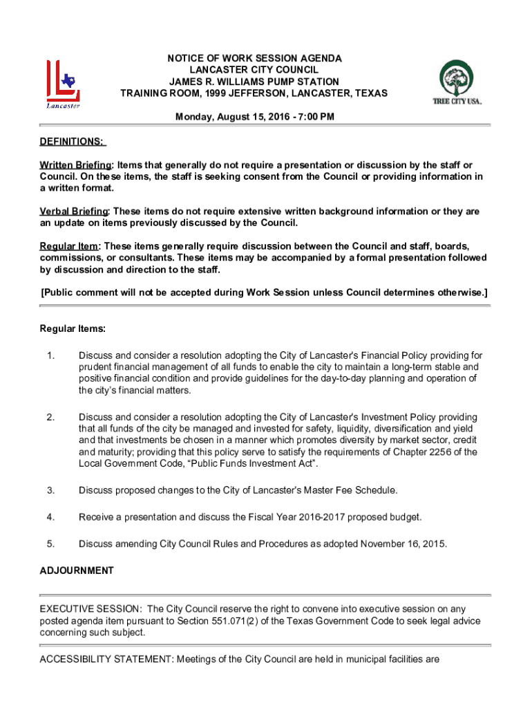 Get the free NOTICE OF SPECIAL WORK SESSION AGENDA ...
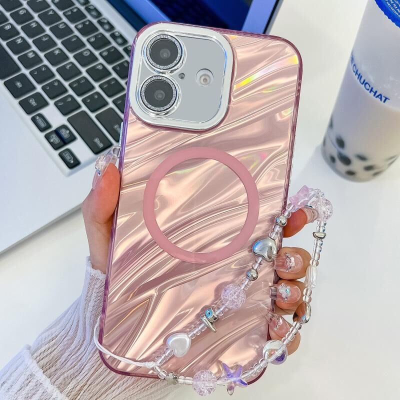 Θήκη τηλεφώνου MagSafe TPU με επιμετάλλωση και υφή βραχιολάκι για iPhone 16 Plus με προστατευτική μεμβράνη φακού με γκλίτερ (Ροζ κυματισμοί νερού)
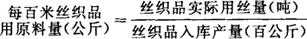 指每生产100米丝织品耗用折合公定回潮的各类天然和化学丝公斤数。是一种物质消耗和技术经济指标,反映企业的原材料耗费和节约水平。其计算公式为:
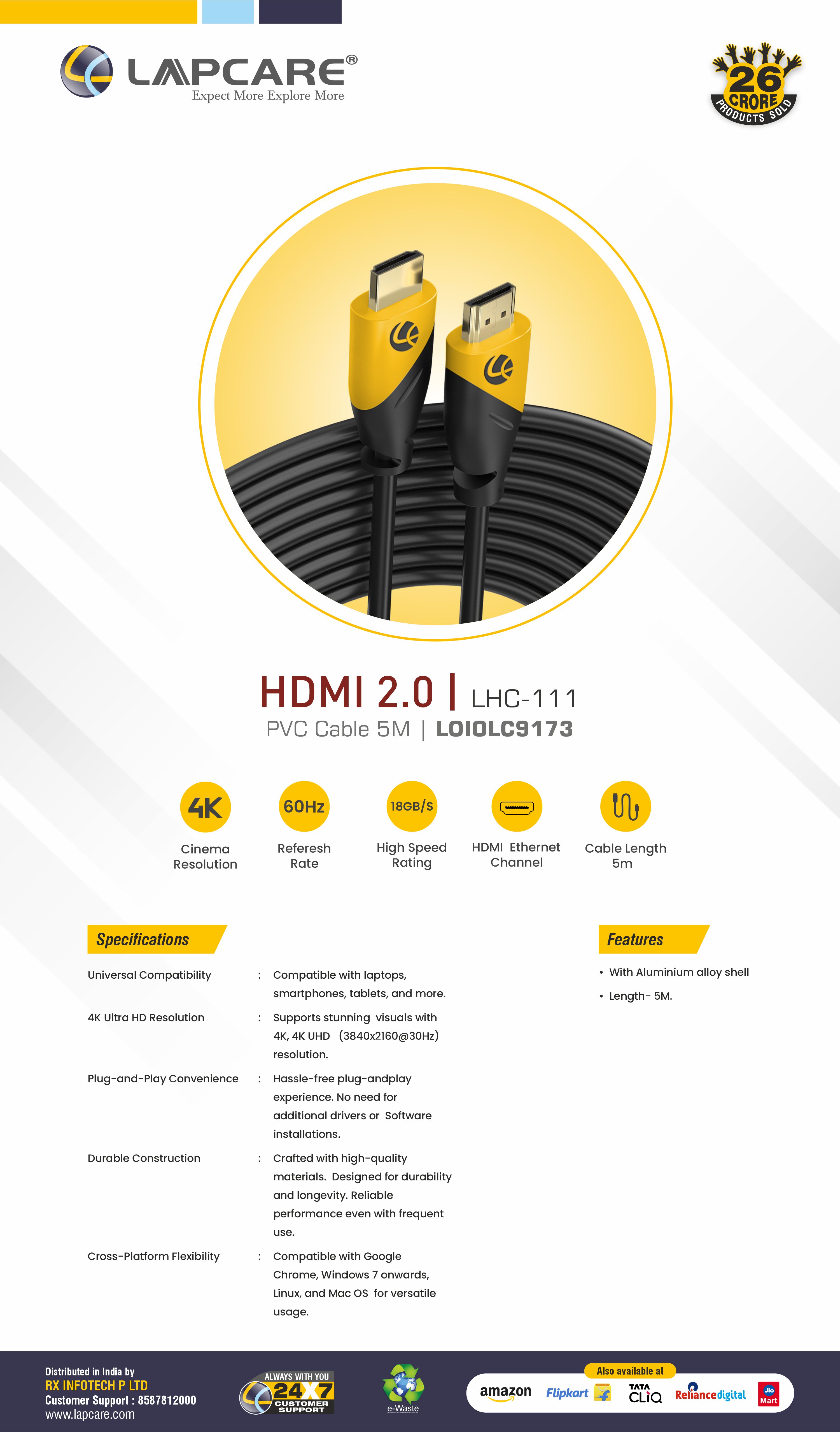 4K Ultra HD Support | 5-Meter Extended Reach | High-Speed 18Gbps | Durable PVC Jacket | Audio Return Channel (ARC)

### WORK TO BE COMPLETED
Only the lines from the one containing "指每生产100米丝织品耗用折" to the end of the listing belong in the answer, exactly as they stand and with no pictures.

### YOUR SOLUTION
 指每生产100米丝织品耗用折合公定回潮的各类天然和化学丝公斤数。是一种物质消耗和技术经济指标,反映企业的原材料耗费和节约水平。其计算公式为:
 4K Ultra HD Support | 5-Meter Extended Reach | High-Speed 18Gbps | Durable PVC Jacket | Audio Return Channel (ARC)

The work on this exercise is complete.